This is not the way it is.

Animals in the wild lead lives of compulsion and necessity within an unforgiving social hierarchy in an environment where the supply of fear is high and the supply of food low and where territory must constantly be defended and parasites forever endured. What is the meaning of freedom in such a context? Animals in the wild are, in practice, free neither in space nor in time, nor in their personal relations. In theory – that is, as a simple physical possibility – an animal could pick up and go, flaunting all the social conventions and boundaries proper to its species. But such an event is less likely to happen than for a member of our own species, say a shopkeeper with all the usual ties – to family, to friends, to society – to drop everything and walk away from his life with only the spare change in his pockets and the clothes on his frame. If a man, boldest and most intelligent of creatures, won’t wander from place to place, a stranger to all, beholden to none, why would an animal, which is by temperament far more conservative? For that is what animals are, conservative, one might even say reactionary. The smallest changes can upset them. They want things to be just so, day after day, month after month. Surprises are highly disagreeable to them. You see this in their spatial relations. An animal inhabits its space, whether in a zoo or in the wild, in the same way chess pieces move about a chessboard – significantly. There is no more happenstance, no more “freedom”, involved in the whereabouts of a lizard or a bear or a deer in the location of a knight on a chessboard.

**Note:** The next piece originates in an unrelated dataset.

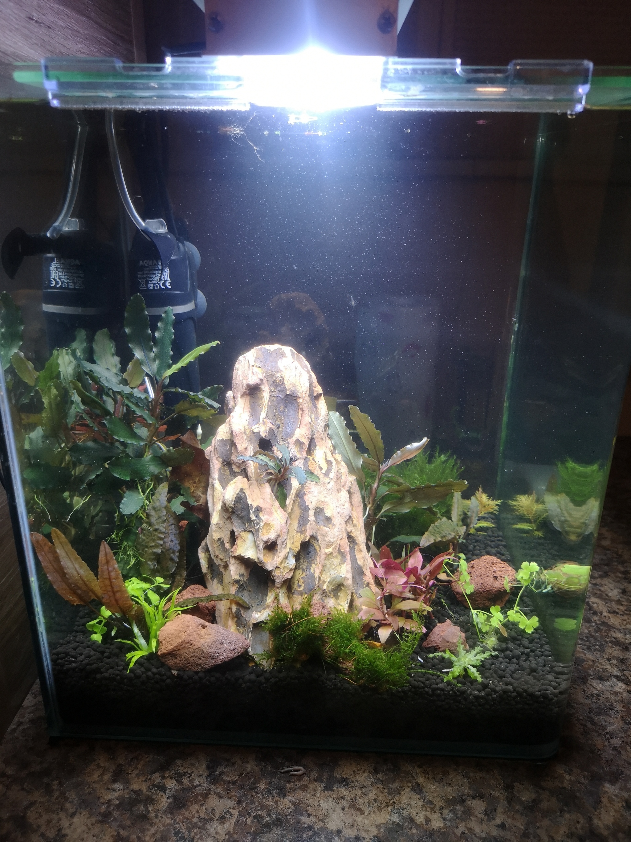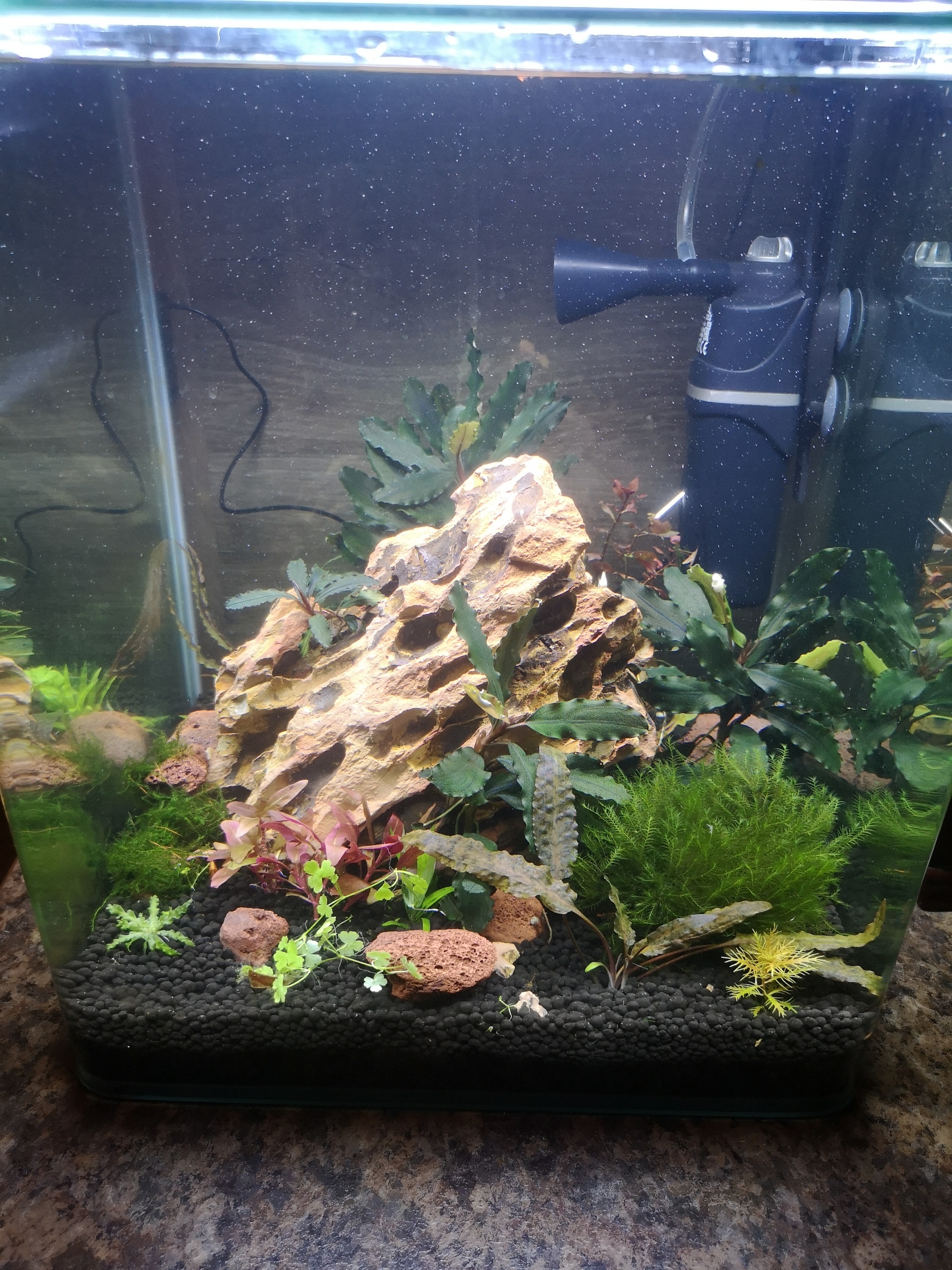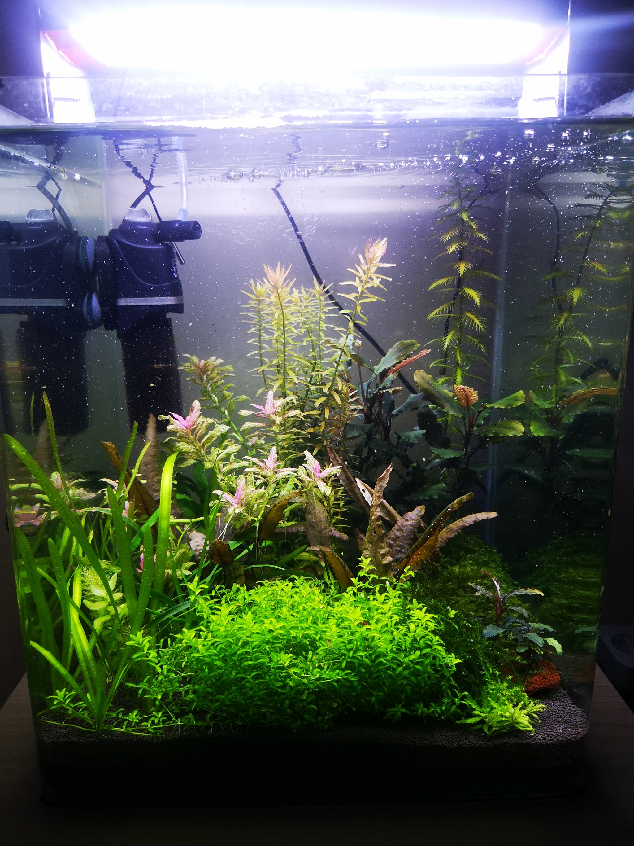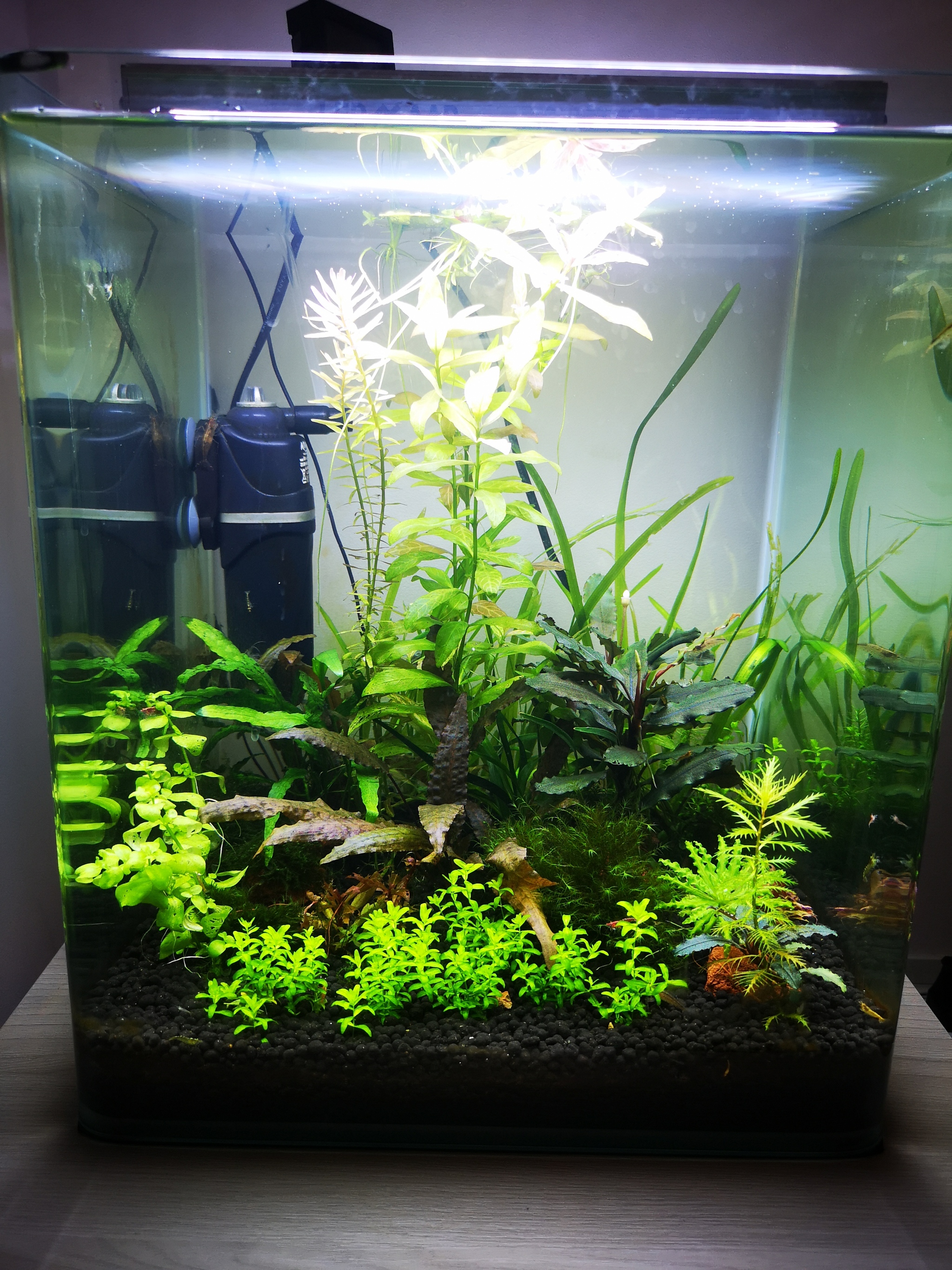 Изначальная идея была с камнем, буцефаландрами и людвигией супер ред. Без единой рыбки, с аманками и черри.

Both speak of pattern and purpose. In the wild, animals stick to the same paths for the same pressing reasons, season after season. In a zoo, if an animal is not in its normal place in its regular posture at the usual hour, it means something. It may be the reflection of nothing more than a minor change in the environment. A coiled hose left out by a keeper has made a menacing impression. A puddle has formed that bothers the animal. A ladder is making a shadow. But it could mean something more. At its worst, it could be that most dreaded thing to a zoo director: a symptom, a herald of trouble to come, a reason to inspect the dung, to cross-examine the keeper, to summon the vet. All this because a stork is not standing where it usually stands!

But let me pursue for a moment only one aspect of the question.

If you went to a home, kicked down the front door, chase the people who lived there out into the street and said, “Go! You are free! Free as a bird! Go! Go!” – do you think they would shout and dance for joy? They wouldn’t. Birds are not free. The people you’ve just evicted would sputter, “With what right do you throw us out? This is our home. We own it. We have lived here for years. We’re calling the police, you scoundrel.”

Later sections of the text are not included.